Argomento: Autobiografia - Recensione di "Caposkaw" (06/06)

Blaise Cendrars (nome d'arte di Frederic Sauser) cittadino svizzero, viaggiatore cosmopolita, scrittore profondamente immerso nella scapigliata Parigi dell'inizio 900, si arruola nella Legione Straniera nel 1914 per odio ai "boches". Il libro narra in modo quasi dadaista l'anno di guerra vissuto da questo scrittore, prima che perdesse la mano destra in combattimento (la mano mozza del titolo). Mentre Ernst Junger è un soldato che scrive, Blaise Cendrars è un artista che fa la guerra e la differenza tra i due è abissale. Tanto Junger è tecnico e distaccato, quanto Cendrars motteggia in "argot", è umorista e sboccato, dolente e appassionato. Scrive degli uomini che gli erano vicini nella trincea e li si vede, esseri a tutto tondo con le proprie imperfezioni e umanità, con l'alito pregno di tabacco e di vino. Parla anche dei combattimenti (in un episodio dice di come, avendo messo le mani su un deposito di birra tedesco, i suoi soldati non si sarebbero mai ritirati..) dei momenti di calma, della guerra da pirati che riuscì a organizzare, delle colossali mangiate e bevute. Un libro "Francese" nel senso migliore della parola, pieno di vita.
Argomento: Battaglia di Verdun - Recensione di Mauro Tosi (08/05)

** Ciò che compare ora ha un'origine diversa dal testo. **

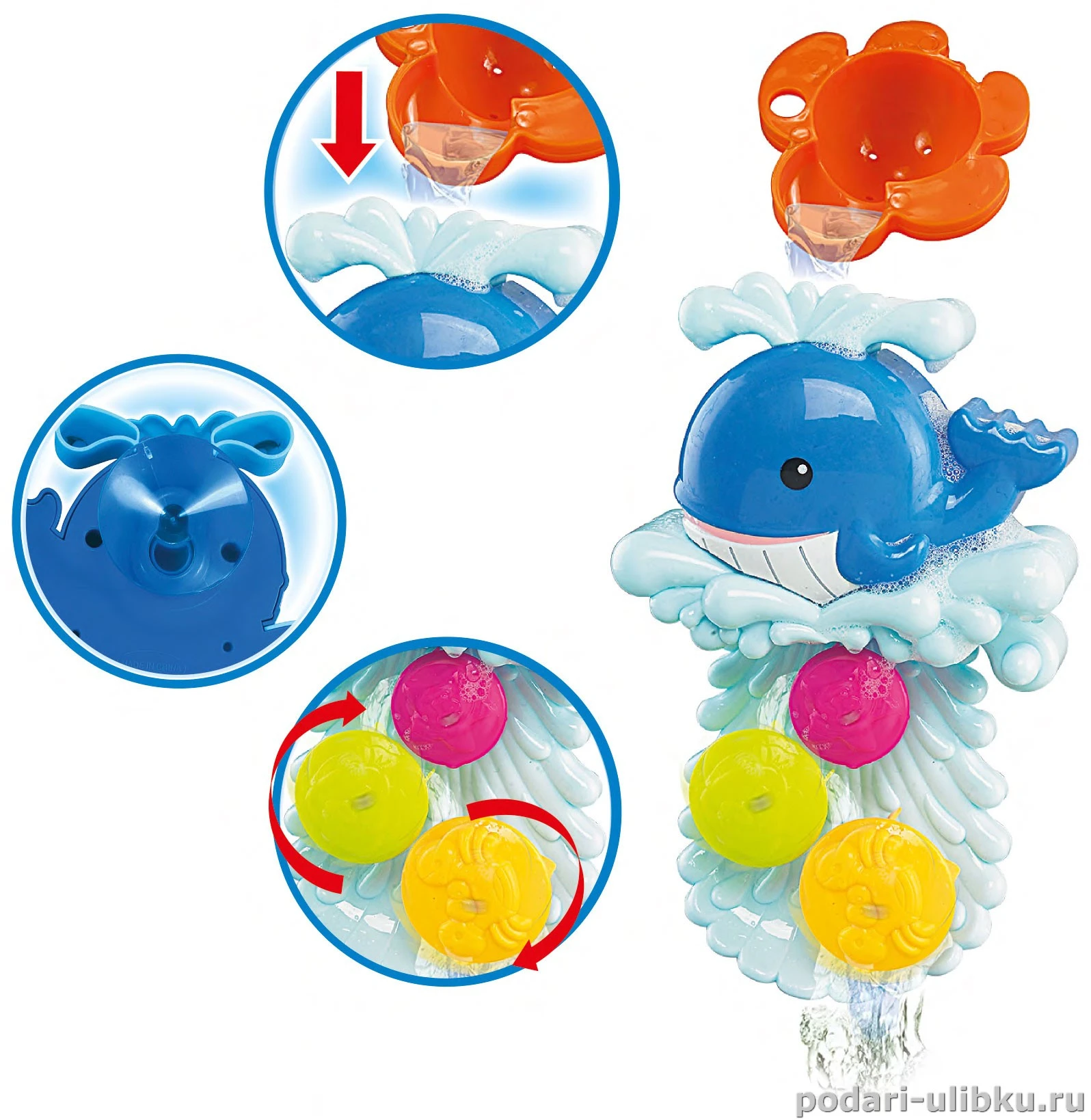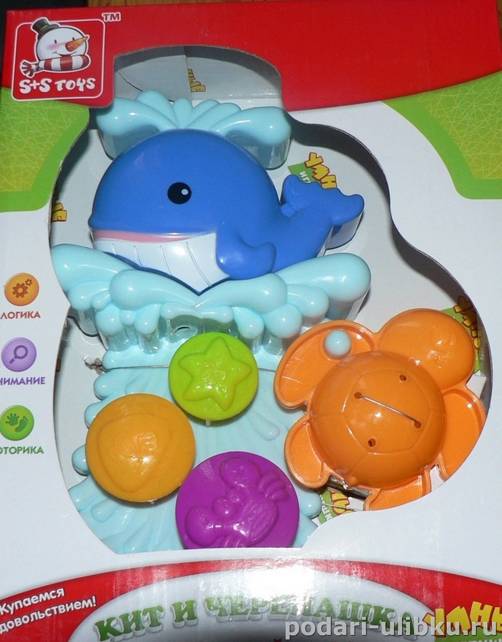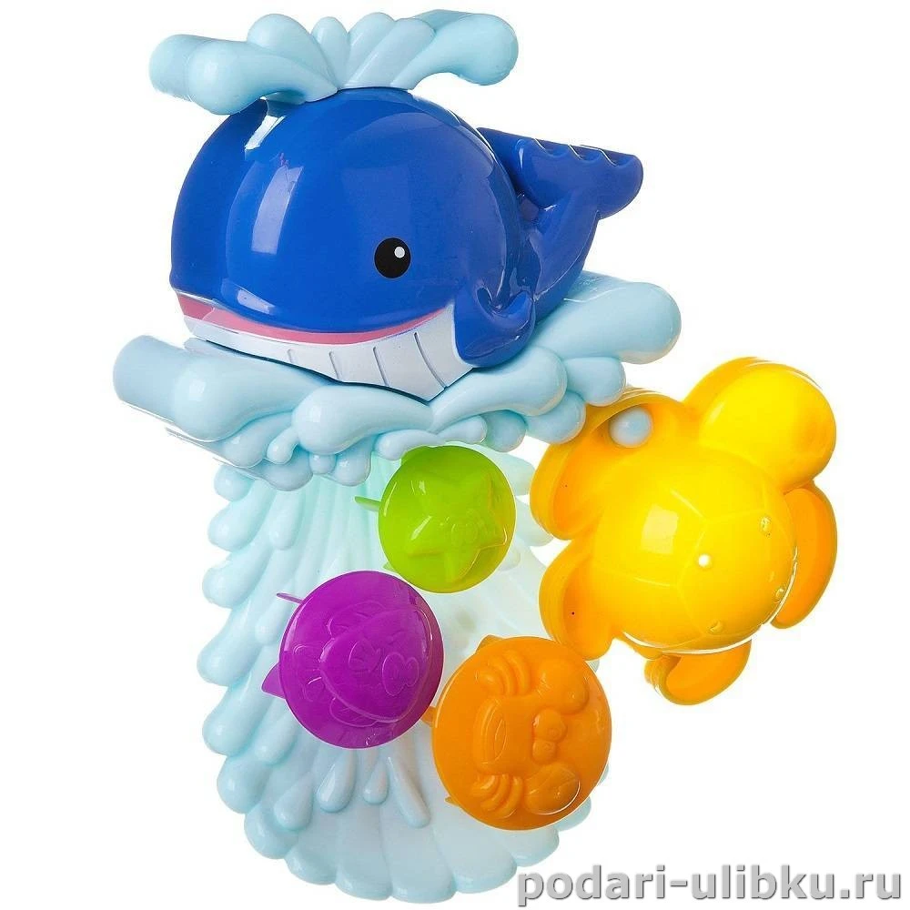 Игрушку - мельнице "Кит и черепашка" можно прикрепить к ванне, кафелю, душевой кабинке специальными большими присосками. Воду на мельницу можно наливать любой ёмкостью или специальным ковшиком в виде черепашки (которая входит в комплект) и смотреть как сбегает вода, приводя в движение разноцветные колёсики с животными. Чтобы черепашка не потерялась она может крепиться к мельнице.

Il libro affronta la più grande battaglia della prima guerra mondiale: Verdun. Combattuta tra Febbraio e Dicembre 1916, vide la morte di quasi un milione di combattenti. L'autore parte dalle premesse di questa battaglia: dalle conclusioni ciniche dello stato maggiore tedesco che, attraverso una battaglia di dissanguamento si prefiggeva di eliminare gran parte dell'esercito francese. Si prosegue successivamente con l'analisi minuziosa della battaglia, con un occhio di riguardo alle condizioni inumane nelle quali si trovarono a combattere i fanti tedeschi e francesi. L'autore riporta chiaramente che la battaglia di Verdun rappresenta il giro di boa delle possibilità tedesche di vincere la guerra: con essa si esaurirono gran parte delle risorse umane che avrebbero potuto essere destinate su altri fronti, per esempio quello orientale, con probabilità di successo certe. Inoltre, da questo momento, sino all'ultima disperata offensiva della primavera-estate 1918, i tedeschi si posero sulla difensiva su tutto il fronte occidentale, subendo e respingendo a caro prezzo le diverse offensive dell'Intesa (Somme, Cambrai, ecc.). L'autore riesce a rappresentare in modo accurato questi 11 mesi di ferocia e ottusità da ambo le parti: dall'insensata decisione dei generali tedeschi di continuare la battaglia anche quando appare chiaro che lo scopo non è più raggiungibile, ai numerosi contrattacchi ordinati dai generali francesi, condotti con scarsità di uomini e artiglierie. La lettura di questo libro offre la possibilità di meditare cosa è stata la Grande Guerra e la follia di tutte le guerre.
Argomento: Fronte occidentale - Recensione di Mauro (08/05)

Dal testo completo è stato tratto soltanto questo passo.